Matric pupils, in particular, were badly impacted having loss contact learning time which was vital revision time ahead of the National Senior Certificate examination. Exams started late and the results, unlike in previous years when they were released in January, had to be released towards the end of February.

The closure also affected higher education institutions which meant that academic learning was disrupted and exams had to be postponed until the start of 2021 for some students. This meant that the 2021 academic year at the tertiary level would only start in March.

Hybrid model:

Schools have been forced to adapt to the hybrid model, which allows pupils to attend school every second day, halving pupils’ face-to-face learning time. Pupils could do remote learning on the days they were not in class or do work assigned by teachers the previous day.

Hygiene:

Amnesty International said thousands of schools in South Africa have no running water – more than half of schools in some regions. Social distancing is also impossible in many schools. A study by Stellenbosch University found at least half of South African pupils would not be able to comply with distancing rules due to overcrowded classrooms.

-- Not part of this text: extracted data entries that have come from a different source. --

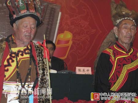 两位释比老人开坛诵经祈福 中华人民共和国图鉴社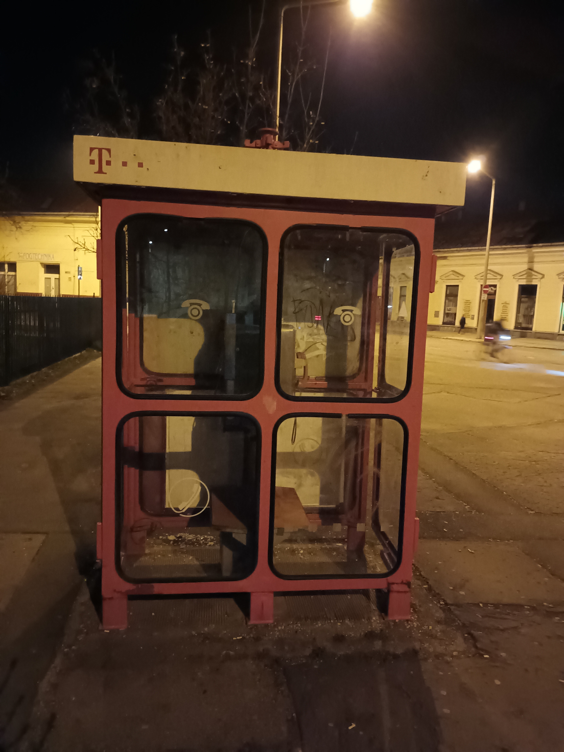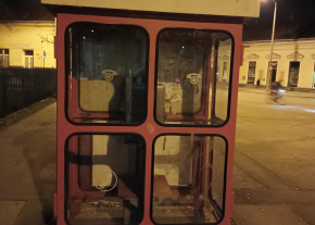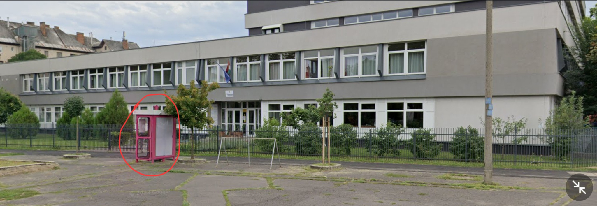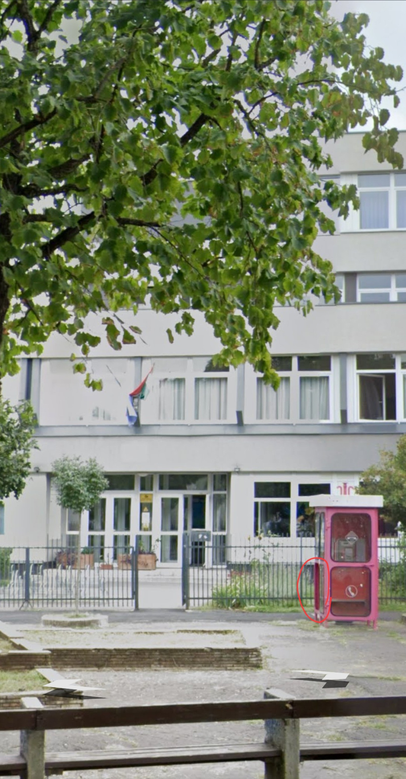 A Bocskai téri Debreceni Benedek Elek Általános Iskola bejárata közelében lévő nyilvános telefonfülke világítása nem működik és az egyik ablaka hiányzik.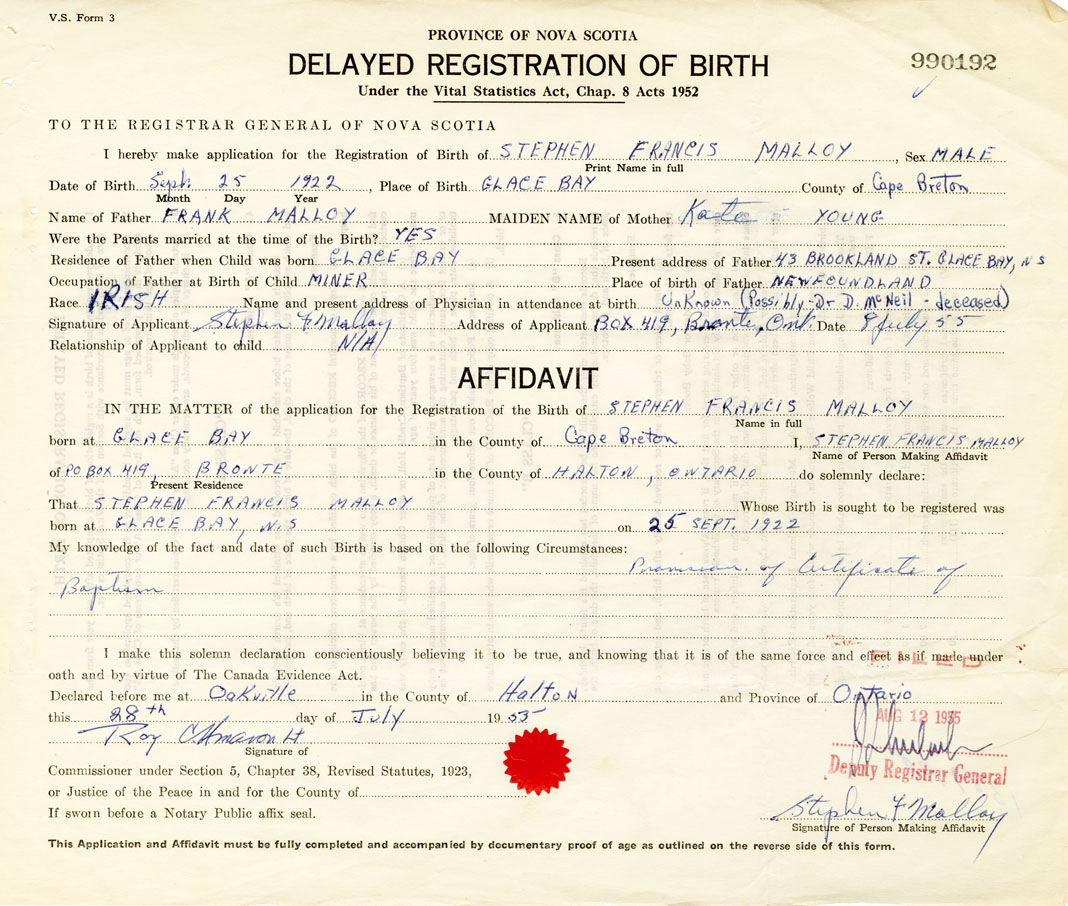 Date of Birth September 25, 1922 Place of Birth Glace BayCounty of Cape Breton

By the beginning of 2021, it was estimated up to 1700 teachers have lost their lives to Covid-19, more than 300 during the recent school holidays alone.

School calendar:

Since the start of the second term in 2020, there had been a number of amendments done to the school calendar. At first, the department proposed getting the Grade 7s and 12s back at school first. Those dates were pushed back a bit to June 8, in a staggered phase system.

This delayed the third term, fourth term and with the fear of the second wave, the schools reopening was also pushed back by two weeks to February 15 for government schools while private schools opened two weeks earlier.